We would like to consider that cognitive ability is related to D-ribose metabolism. This viewpoint is based on the following observations: (1) D-Ribose dysmetabolism, such as diabetes, can occur from early adulthood to agedness in one’s life [33]. (2) Brain metabolic dysfunction is believed at the core of AD [34]. Inherent changes in bioenergetics profiles were associated with late-onset AD [35]. Johnson and collaborators carried out a large-scale proteomic analysis of AD brain and cerebrospinal fluid and revealed early changes in energy metabolism associated with microglia and astrocyte activation [36]. Participating in energetic metabolism is the most important function of D-ribose, for instance as a component of the synthesis of ATP. (3) Ribosylation rapidly produces AGEs, which are regarded as one of the most important risk factors for cognitive impairment [37, 38]. (4) Endogenous D-ribose level is associated with AD at the clinical stage [14], and D-ribose is thought to be a pathogen for AD [5, 16]. Finally, (5) The reason that D-ribose is probably used as a biomarker to predict cognitive performance in community-dwelling older adults is that the pentose can be correctly determined in urine samples with the HPLC [24]. It has to be explained that we cannot measure the blood D-ribose with this method because D-ribose is rapidly reacted with serum proteins in blood samples, leading to deviations of the resultant data. However, the urine contains very few proteins, which consumes much less D-ribose than blood, and makes the data in a trusted range.

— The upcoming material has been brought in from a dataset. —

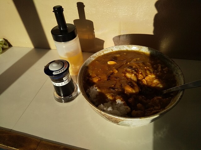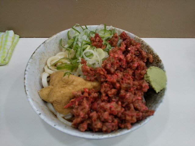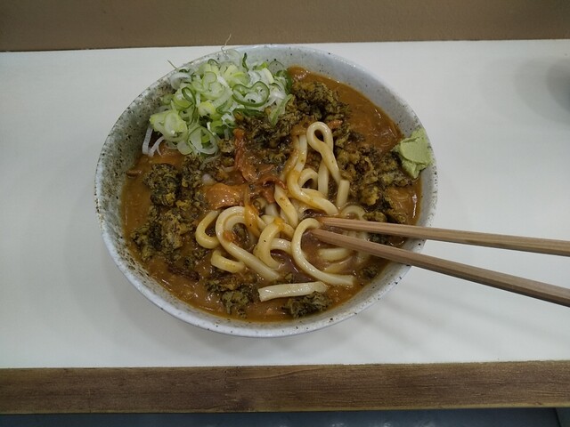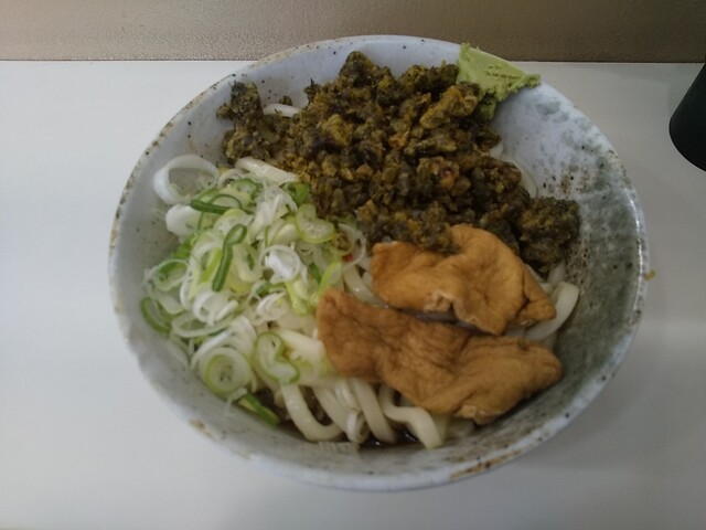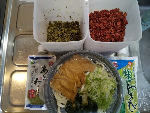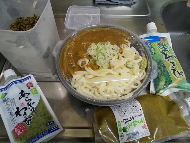つゆ無しカレーきしめんに青タバスコをぶっ掛けて食べました。

The strength of the study includes large sample size and multiple cognitive measures. Several limitations should also be mentioned. First, because of the cross-sectional design of the study, we cannot conclude the temporal relationship between D-ribose and cognition or make a causal inference. It would be meaningful to collect longitudinal data to examine whether D-ribose predicts future cognitive decline or incidence of cognitive impairment. Second, no biochemical index besides D-ribose was collected in the current study. Including more biological indicators may help to explain the mechanism underlying the inverse relationship between D-ribose and cognition.

Conclusions

The urine D-ribose levels were negatively correlated with cognitive function in community-dwelling older adults. The findings suggest that the dysmetabolism of D-ribose may play a role at the early stage of cognitive impairment.